Burial, Caher, Co. Kerry
Co. Kerry |
Burial Sites
There is something faintly unsettling about a place that exists primarily as an absence.
On the Dingle Peninsula in County Kerry, the Ordnance Survey maps mark the position of a circular cashel, a type of dry-stone enclosure typical of early medieval Ireland, built to protect a homestead or small settlement. The structure is catalogued, given a reference number, assigned its coordinates. And yet, on the ground, there is nothing to see.

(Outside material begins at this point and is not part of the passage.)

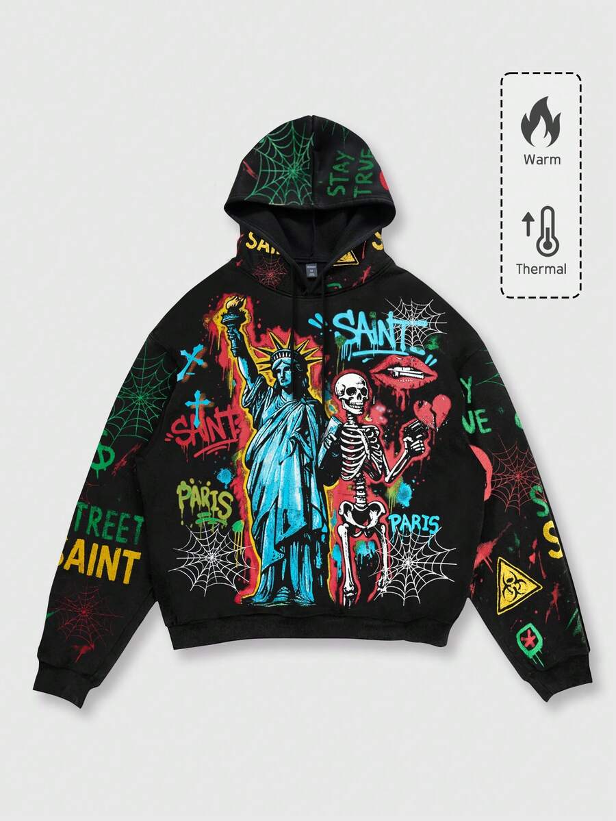 Street Life Sudadera con capucha de manga larga para hombre con cordón y gráfico creativo de cruz y calavera
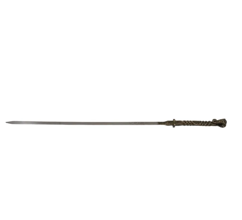 Шампур кованный, нержавеющая сталь, длина 740 мм (без ручки 540х11х3 мм), крюк, волна, золото

The cashel at Caher has been gone since at least 1832, when its stones were taken away, probably for reuse in field walls or buildings nearby. That act of clearance did, however, turn up something unexpected. According to J. Cuppage's 1986 archaeological survey of the Corca Dhuibhne region, there was reputedly a souterrain within the enclosure, an underground stone-lined passage or chamber used in early medieval Ireland for storage or refuge, and when the stones were removed, large bones were found inside it. The bones are not further described, and no record seems to survive of what became of them. Whether they were human or animal, ancient or more recent, the account does not say. The detail simply sits there, unexplained, in a survey note.
What remains is a place defined entirely by what was recorded rather than what can be observed. The OS map reference persists. The field may look like any other on this part of the peninsula. The bones found in 1832 have left no visible mark on the landscape, only a line in a book.